(Information shown)

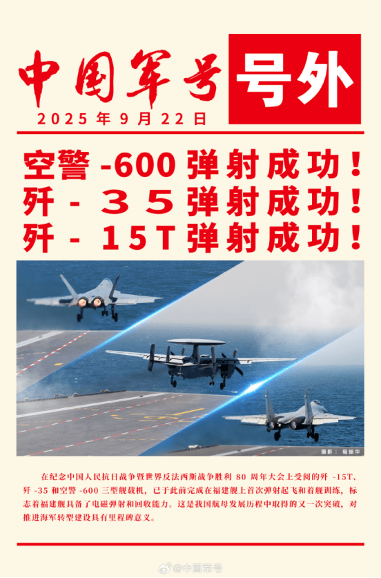 托养鸡老爷的福,笔者此前已了解到“福建”舰早在第七次海试期间就完成了弹射。但当这一天真的来临,笔者从手机上看见18舰的电磁弹射装置将飞机以反直觉的加速度放飞海鹫之时,激动之情仍难以言表。无论是《攻坚》专题片戛然而止的弹射画面,还是央视军事就弹射起降“明知故问”的一次次刺挠,军迷属实被活活“折磨”了两个多月。而在长春航展后劲儿刚过、国庆假期尚未到来的9月22日,“福建”舰的弹射画面可谓是“压抑到极致的极致爆发”,一鸣惊人,让大伙提前过了个好节。9月22日确实是个好的日子。
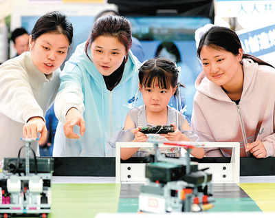 4月28日,在福建省福州市鼓樓區鼓東街道冶山春秋園,小朋友正在體驗足球機器人。謝貴明攝(人民視覺)
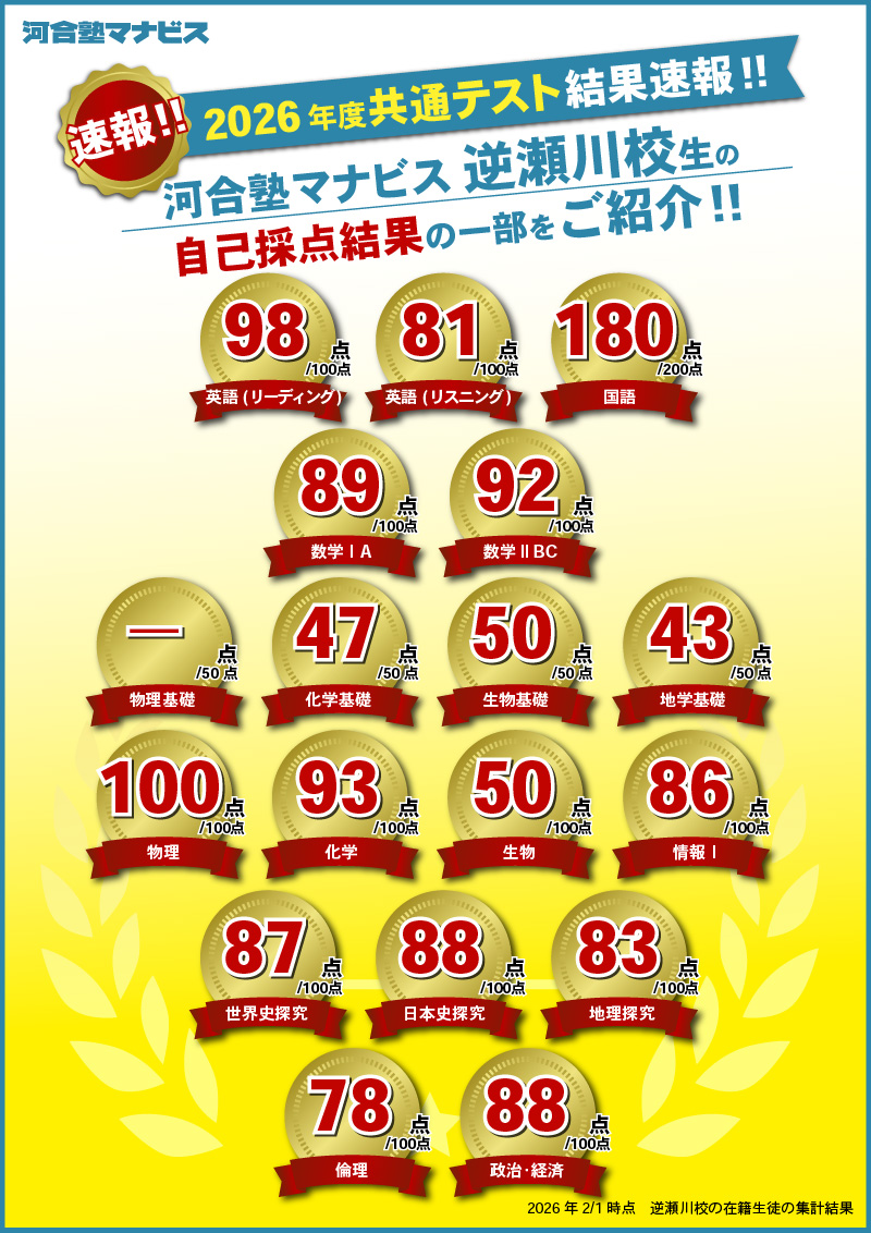 「河合塾マナビス逆瀬川校」から、2026年度大学入学共通テストの自己採点結果(最高得点)が届きました!
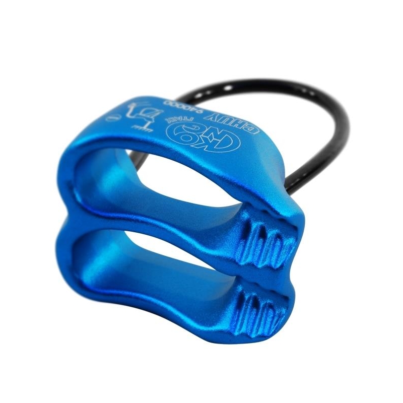 Muy ligero, tiene la ventaja de poder variar la capacidad de frenado gracias a los cuellos con forma de “V” para modular el esfuerzo del usuario en función de su peso, de la cuerda utilizada y de todos los factores que modifican el roce y, por consiguiente, el frenado. Fluidez de funcionamiento, excelente frenada y look atractivo. Recomendamos su uso en combinación con un conector HMS con seguro de rosca.
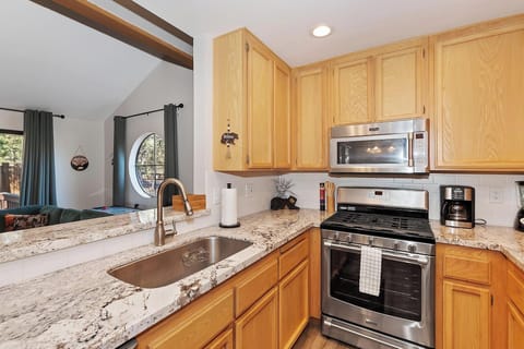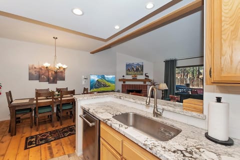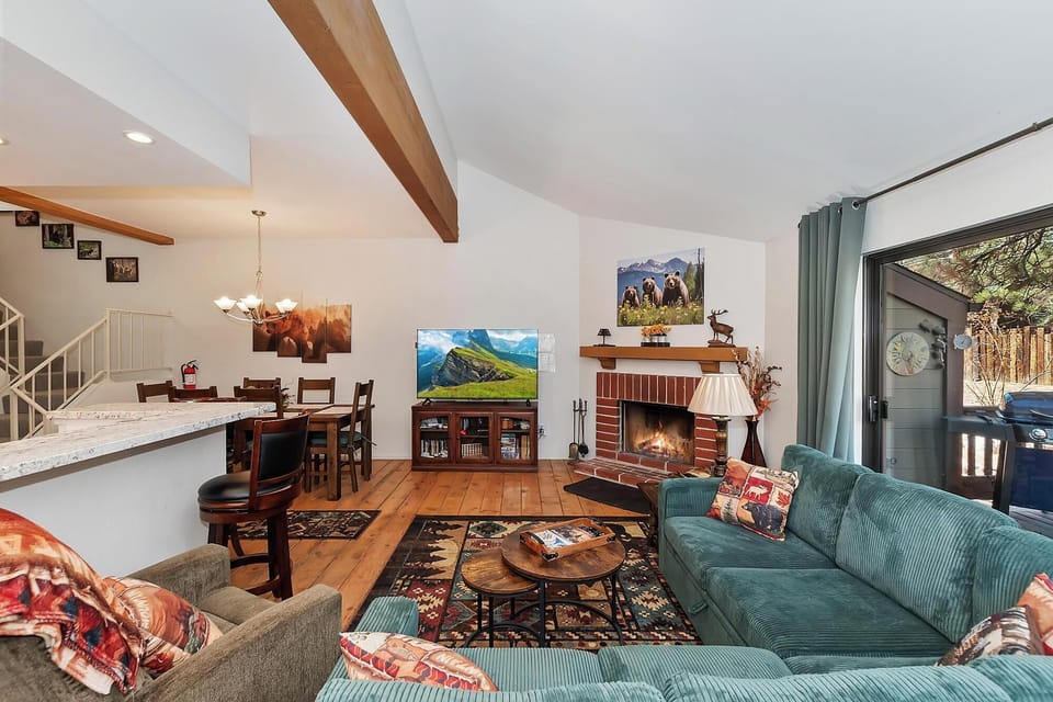 Come experience Big Bear at this lovely condo with cozy mountain vibes! This unit has been thoughtfully designed with attention to detail to ensure a wonderful getaway for you and your group. As you enter into the condo the open floor plan allows your group to gather together whether you are preparing a delicious meal in the kitchen, or getting cozy around the fireplace on a cold winter night. The fully stocked kitchen has everything you need to create family style meals or a quick breakfast before you head out for your day full of adventures.
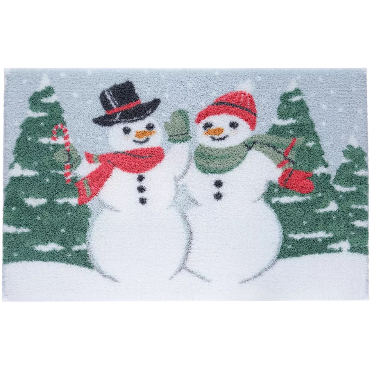 - St Nicholas Square Winter Snowman & Trees Bath Rug, 20x30 Skid Resistant Mat
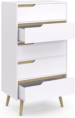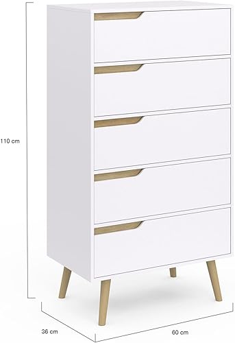 IDMarket - Chiffonnier 5 tiroirs Helsinki 60 cm Commode semainier scandinave Blanc
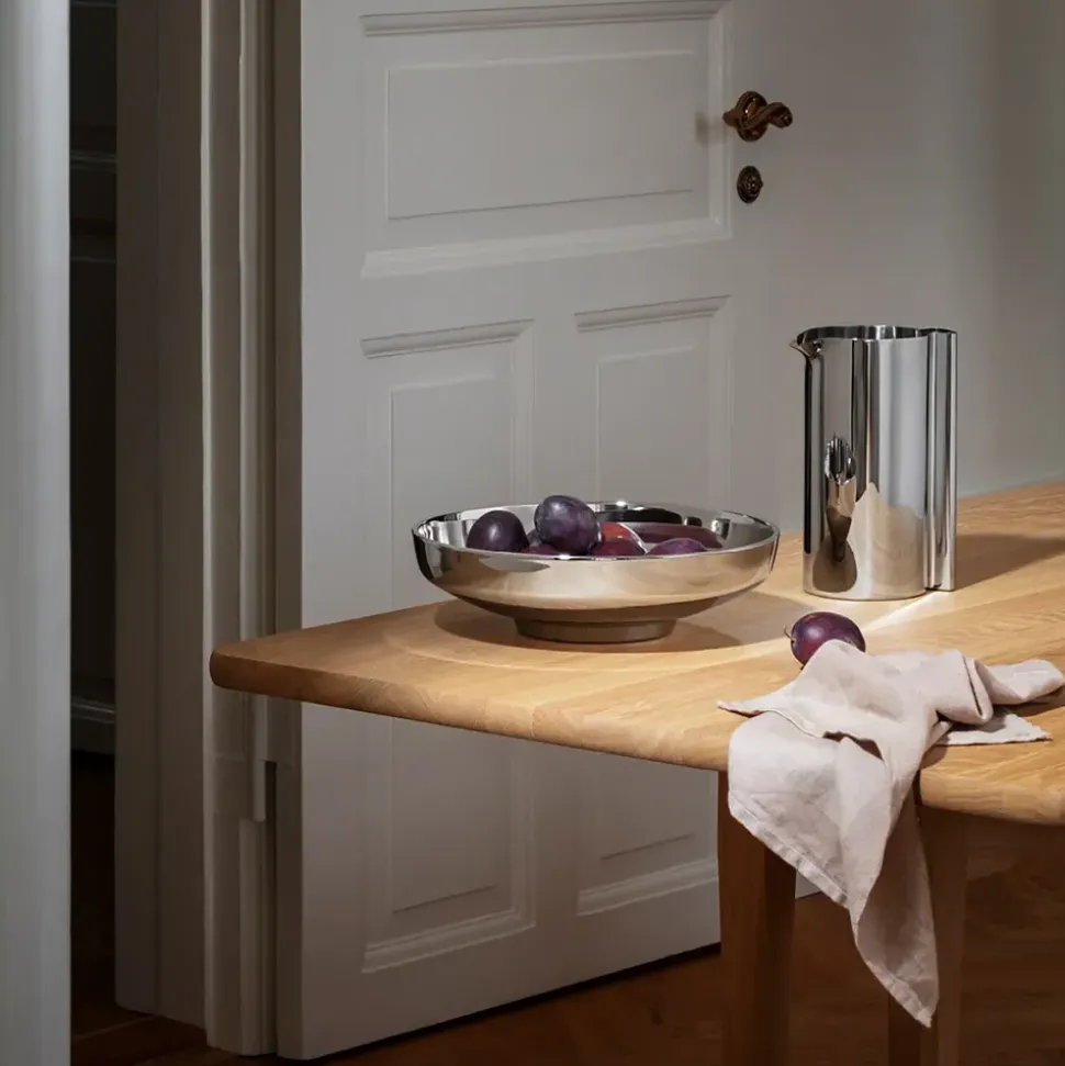 Denne bemærkelsesværdige kande, oprindeligt skabt i porcelæn af den danske designer Henning Koppel, genudgives nu for første gang i poleret rustfrit stål. Design Studio har dykket dybt ned i arkiverne for at genoplive dette arvestykke. Med sit markant individuelle udtryk fejrer kanden designerens forkærlighed for bløde, organiske former, som Koppel igennem årene har udtrykt gennem sine velkendte sølvdesigns for .

(End Information shown)

Work instruction: Exclude the images and output the lines above exactly.

Task answer:
 托养鸡老爷的福,笔者此前已了解到“福建”舰早在第七次海试期间就完成了弹射。但当这一天真的来临,笔者从手机上看见18舰的电磁弹射装置将飞机以反直觉的加速度放飞海鹫之时,激动之情仍难以言表。无论是《攻坚》专题片戛然而止的弹射画面,还是央视军事就弹射起降“明知故问”的一次次刺挠,军迷属实被活活“折磨”了两个多月。而在长春航展后劲儿刚过、国庆假期尚未到来的9月22日,“福建”舰的弹射画面可谓是“压抑到极致的极致爆发”,一鸣惊人,让大伙提前过了个好节。9月22日确实是个好的日子。
 4月28日,在福建省福州市鼓樓區鼓東街道冶山春秋園,小朋友正在體驗足球機器人。謝貴明攝(人民視覺)
 「河合塾マナビス逆瀬川校」から、2026年度大学入学共通テストの自己採点結果(最高得点)が届きました!
 Muy ligero, tiene la ventaja de poder variar la capacidad de frenado gracias a los cuellos con forma de “V” para modular el esfuerzo del usuario en función de su peso, de la cuerda utilizada y de todos los factores que modifican el roce y, por consiguiente, el frenado. Fluidez de funcionamiento, excelente frenada y look atractivo. Recomendamos su uso en combinación con un conector HMS con seguro de rosca.
 Come experience Big Bear at this lovely condo with cozy mountain vibes! This unit has been thoughtfully designed with attention to detail to ensure a wonderful getaway for you and your group. As you enter into the condo the open floor plan allows your group to gather together whether you are preparing a delicious meal in the kitchen, or getting cozy around the fireplace on a cold winter night. The fully stocked kitchen has everything you need to create family style meals or a quick breakfast before you head out for your day full of adventures.
 - St Nicholas Square Winter Snowman & Trees Bath Rug, 20x30 Skid Resistant Mat
 IDMarket - Chiffonnier 5 tiroirs Helsinki 60 cm Commode semainier scandinave Blanc
 Denne bemærkelsesværdige kande, oprindeligt skabt i porcelæn af den danske designer Henning Koppel, genudgives nu for første gang i poleret rustfrit stål. Design Studio har dykket dybt ned i arkiverne for at genoplive dette arvestykke. Med sit markant individuelle udtryk fejrer kanden designerens forkærlighed for bløde, organiske former, som Koppel igennem årene har udtrykt gennem sine velkendte sølvdesigns for .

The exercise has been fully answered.